(ENTRIES SUPPLIED):

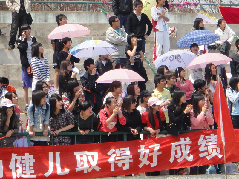 勇夺男子4*400冠军、女子4*4亚军、男子4*100亚军、女子4*100冠军。而个人项目中,杨建成包揽了男子5000米、3000米长跑的冠军;王玥同学也拿下了女子400米以及跳高两项冠军;王倩在女子100米栏、100米中分别夺得第一和第二的优异成绩。场上运动员挥汗如雨,场下拉拉队也热情澎湃。他们不仅为运动员们呐喊助威,为他们传递心灵的力量;还为他们提供了细致入微的后勤服务。在大家的共同努力下,禁漫
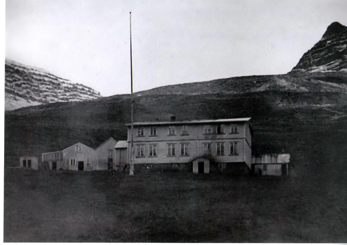 Tvílyft íbúðarhús úr timbri. Á bakvið sér á burstabæ og fleiri byggingar. Flaggstöng í forgrunni en fjöll í baksýn. Þetta er Brekka í Mjóafirði 1908, suðurhlið hússins.
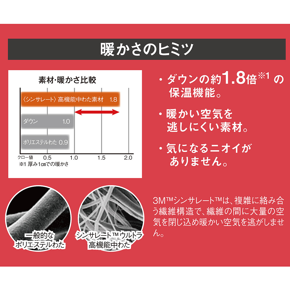 暖かさのヒミツ複雑に絡み合う繊維構造が暖かい空気を閉じ込め、逃がしません。
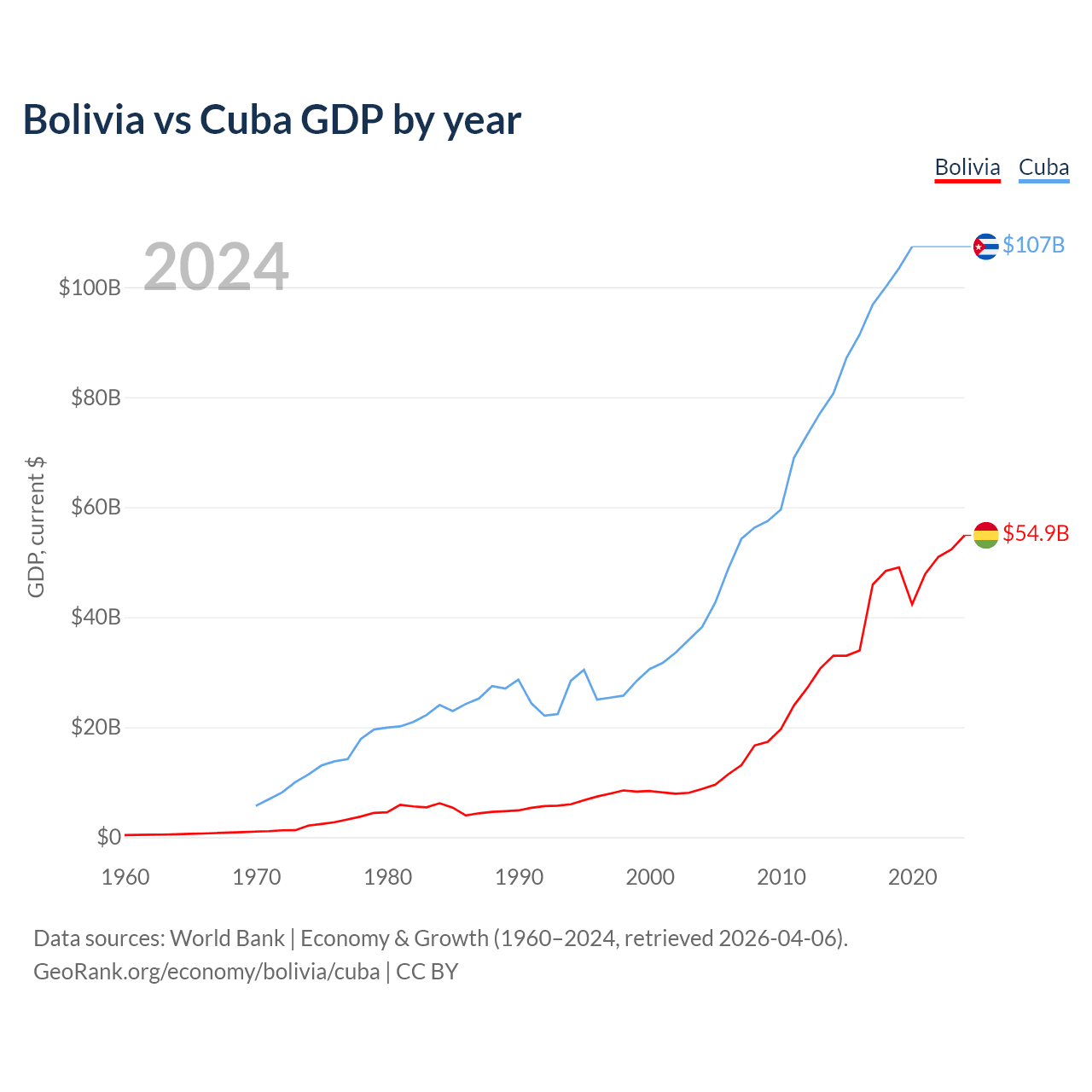 Bolivia has a GDP of $54.9B compared to $107B for Cuba, ranking 88/197 and 69/197 by economy size, respectively.
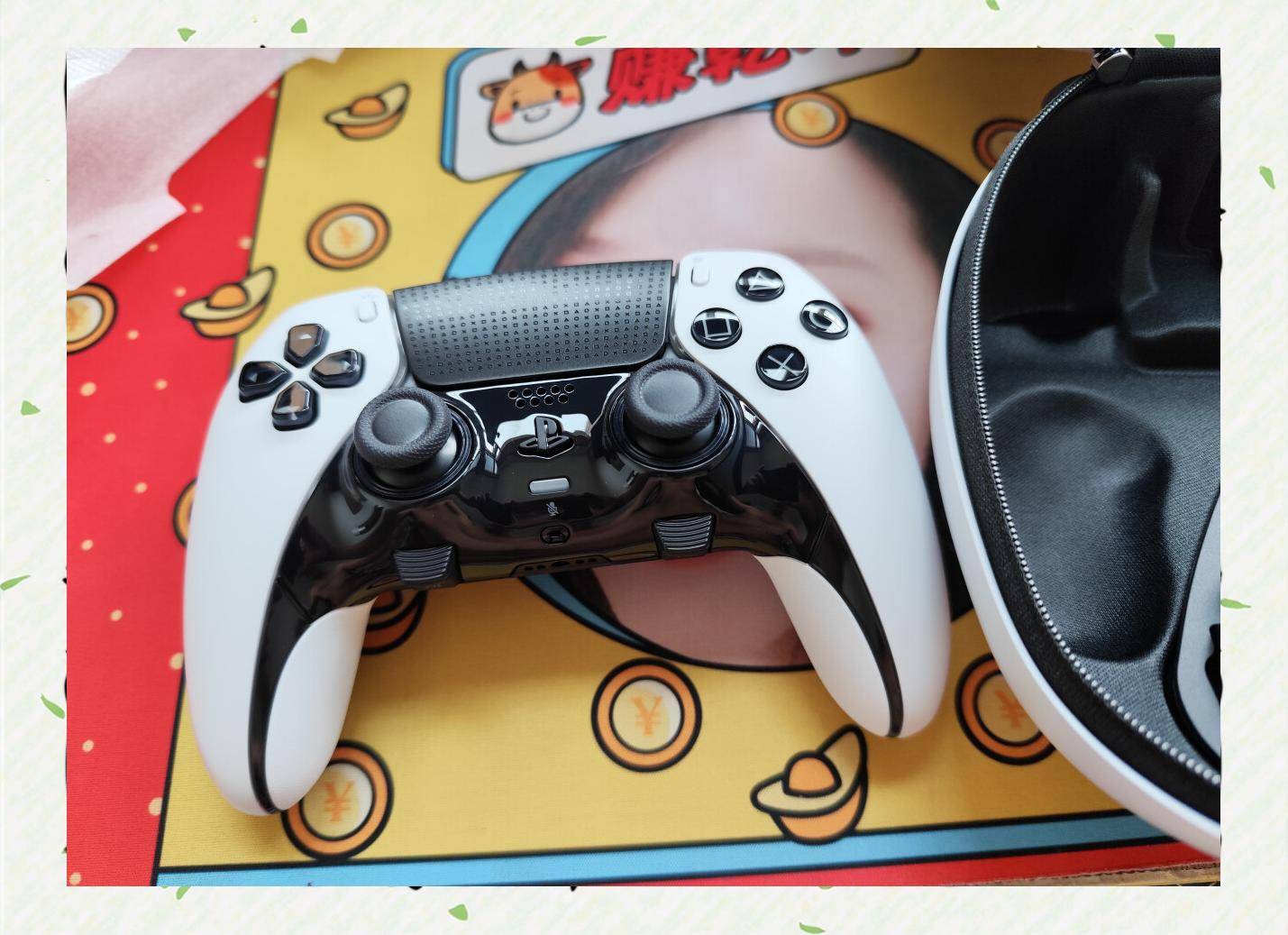 这款手柄白色外壳带淡金属光泽,搭配灯带过渡,科技感十足。握把升级为精英皮纹包胶,防滑且握持稳;摇杆是双限位阻尼可调TMR结构,25档齿轮可在30-90gf间调节,适配不同操作偏好。光轴3.0按键键程仅0.25mm,触发快、疲劳感低,不过部分玩家会觉得手感偏轻;宏背键磁吸旋转设计,可调角度还能拆,使用灵活。
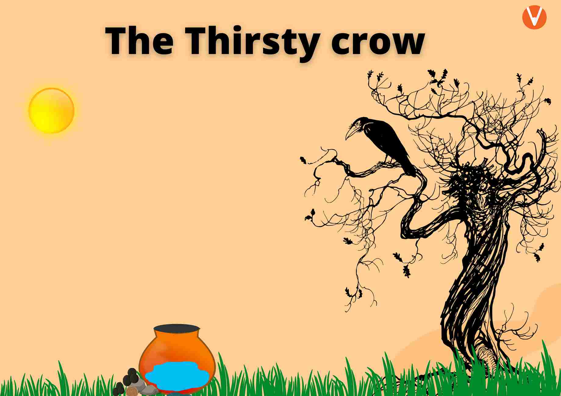 It was one of those hot summer days. A thirsty crow was flying from place to place in search of water. However, despite roaming in various places, he was unable to find water.
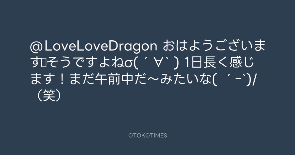 @LoveLoveDragon おはようございます☆そうですよねσ(´∀` ) 1日長く感じます!まだ... -
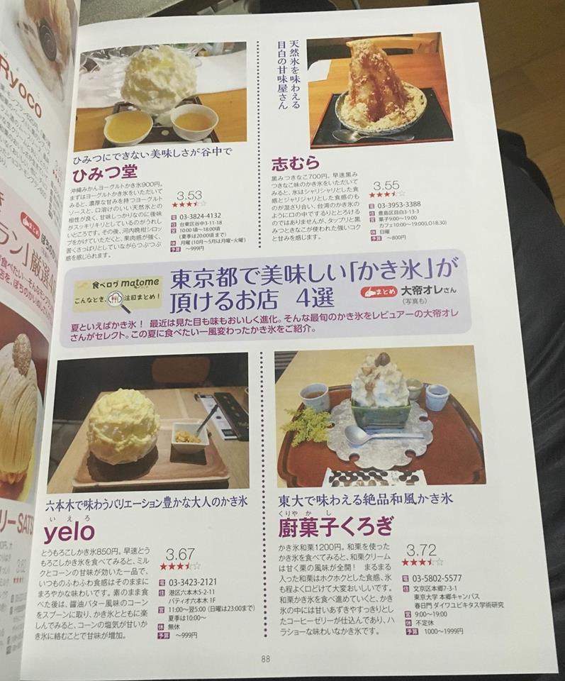 掲載されたのは以前東京で食べた美味しいかき氷のお店をまとめたもので、ページの後ろの方に丸々1ページに渡って掲載されました。
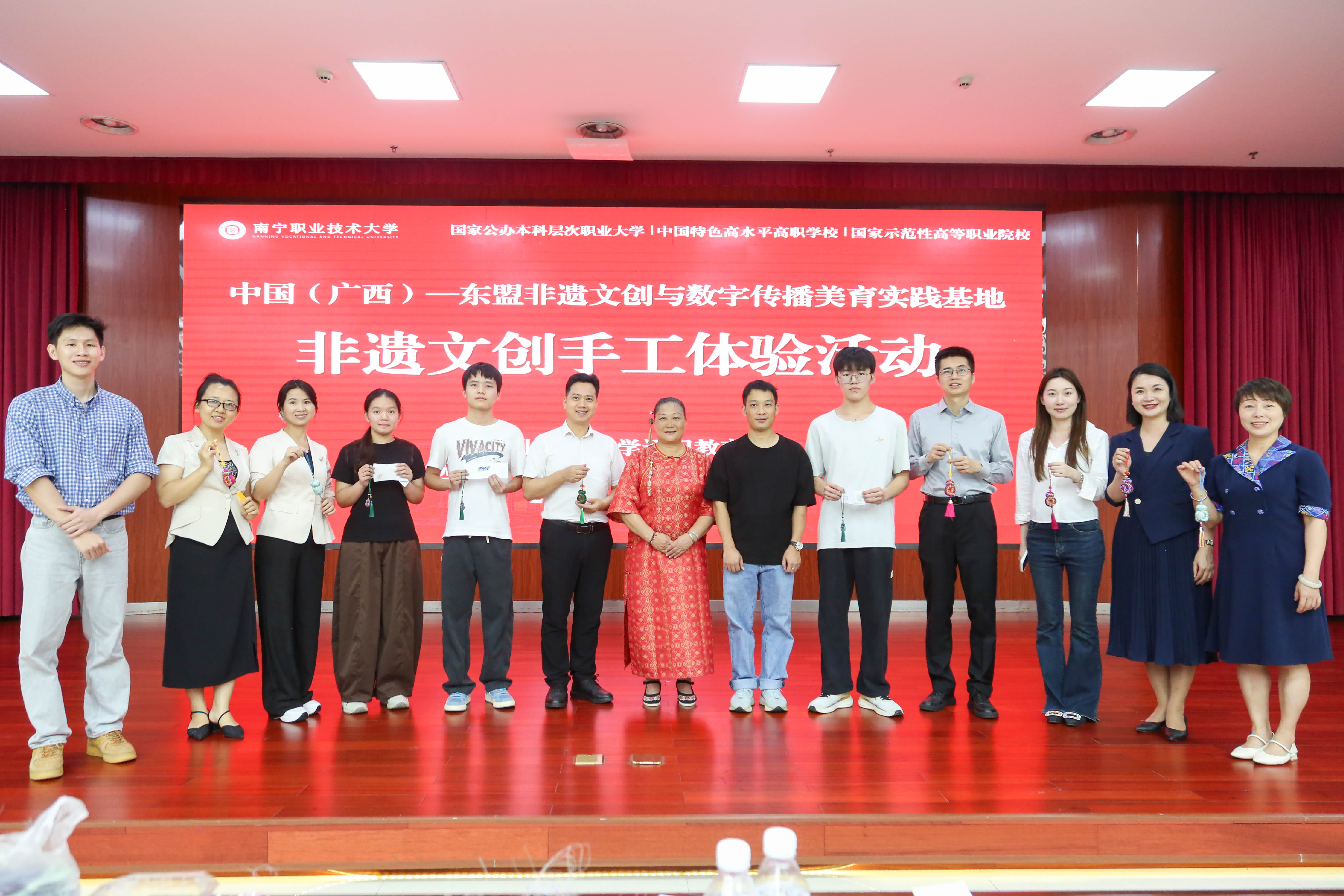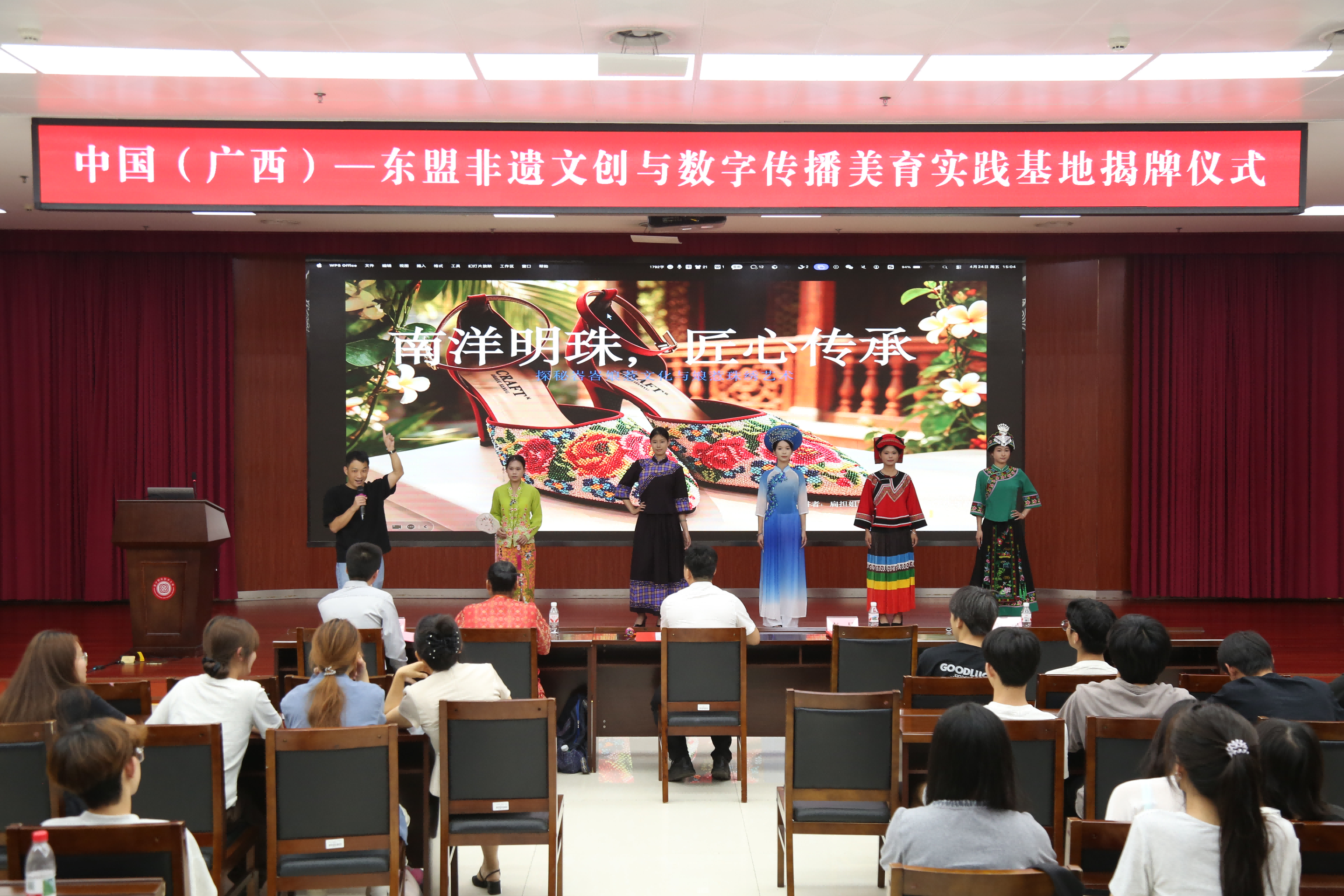 4月24日,“中国(广西)—东盟非遗文创与数字传播美育实践基地”在南宁职业技术大学揭牌。校企双方以非遗为媒、数字为翼,探索“非遗+数字+东盟”融合育人新路径,并将马来西亚娘惹服饰与珠绣技艺引入校园。学校通识教育学院副院长阳代军,广西百色市扁担姐文化传播有限公司董事麦琼方、总经理韦晶、新媒体运营总监黄智等出席仪式。通识教育学院副院长周展锋主持活动。
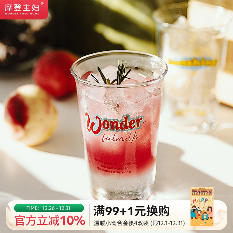 摩登主妇原创玻璃水杯ins风家用女生喝水杯子牛奶果汁啤酒咖啡杯
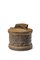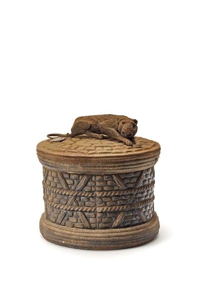 Scatola con coperchio in lamina di ferro battuto sbalzata a figurare cordame e un'orditura muraria e lignea. Coperchio decorato con sculturina a tutto tondo raffigurante un leone accovacciato. Venezia, 1925ca (h cm 20; d cm 21) (difetti)
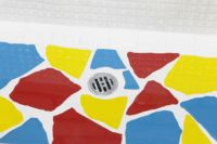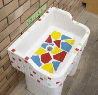 モルタル下地にモザイクタイルを張ったタイル流し台。

(GOAL OF THE EXERCISE): What is wanted is the listing, written out exactly, with each picture removed.

(ANSWER FOR THIS EXERCISE):
 勇夺男子4*400冠军、女子4*4亚军、男子4*100亚军、女子4*100冠军。而个人项目中,杨建成包揽了男子5000米、3000米长跑的冠军;王玥同学也拿下了女子400米以及跳高两项冠军;王倩在女子100米栏、100米中分别夺得第一和第二的优异成绩。场上运动员挥汗如雨,场下拉拉队也热情澎湃。他们不仅为运动员们呐喊助威,为他们传递心灵的力量;还为他们提供了细致入微的后勤服务。在大家的共同努力下,禁漫
 Tvílyft íbúðarhús úr timbri. Á bakvið sér á burstabæ og fleiri byggingar. Flaggstöng í forgrunni en fjöll í baksýn. Þetta er Brekka í Mjóafirði 1908, suðurhlið hússins.
 暖かさのヒミツ複雑に絡み合う繊維構造が暖かい空気を閉じ込め、逃がしません。
 Bolivia has a GDP of $54.9B compared to $107B for Cuba, ranking 88/197 and 69/197 by economy size, respectively.
 这款手柄白色外壳带淡金属光泽,搭配灯带过渡,科技感十足。握把升级为精英皮纹包胶,防滑且握持稳;摇杆是双限位阻尼可调TMR结构,25档齿轮可在30-90gf间调节,适配不同操作偏好。光轴3.0按键键程仅0.25mm,触发快、疲劳感低,不过部分玩家会觉得手感偏轻;宏背键磁吸旋转设计,可调角度还能拆,使用灵活。
 It was one of those hot summer days. A thirsty crow was flying from place to place in search of water. However, despite roaming in various places, he was unable to find water.
 @LoveLoveDragon おはようございます☆そうですよねσ(´∀` ) 1日長く感じます!まだ... -
 掲載されたのは以前東京で食べた美味しいかき氷のお店をまとめたもので、ページの後ろの方に丸々1ページに渡って掲載されました。
 4月24日,“中国(广西)—东盟非遗文创与数字传播美育实践基地”在南宁职业技术大学揭牌。校企双方以非遗为媒、数字为翼,探索“非遗+数字+东盟”融合育人新路径,并将马来西亚娘惹服饰与珠绣技艺引入校园。学校通识教育学院副院长阳代军,广西百色市扁担姐文化传播有限公司董事麦琼方、总经理韦晶、新媒体运营总监黄智等出席仪式。通识教育学院副院长周展锋主持活动。
 摩登主妇原创玻璃水杯ins风家用女生喝水杯子牛奶果汁啤酒咖啡杯
 Scatola con coperchio in lamina di ferro battuto sbalzata a figurare cordame e un'orditura muraria e lignea. Coperchio decorato con sculturina a tutto tondo raffigurante un leone accovacciato. Venezia, 1925ca (h cm 20; d cm 21) (difetti)
 モルタル下地にモザイクタイルを張ったタイル流し台。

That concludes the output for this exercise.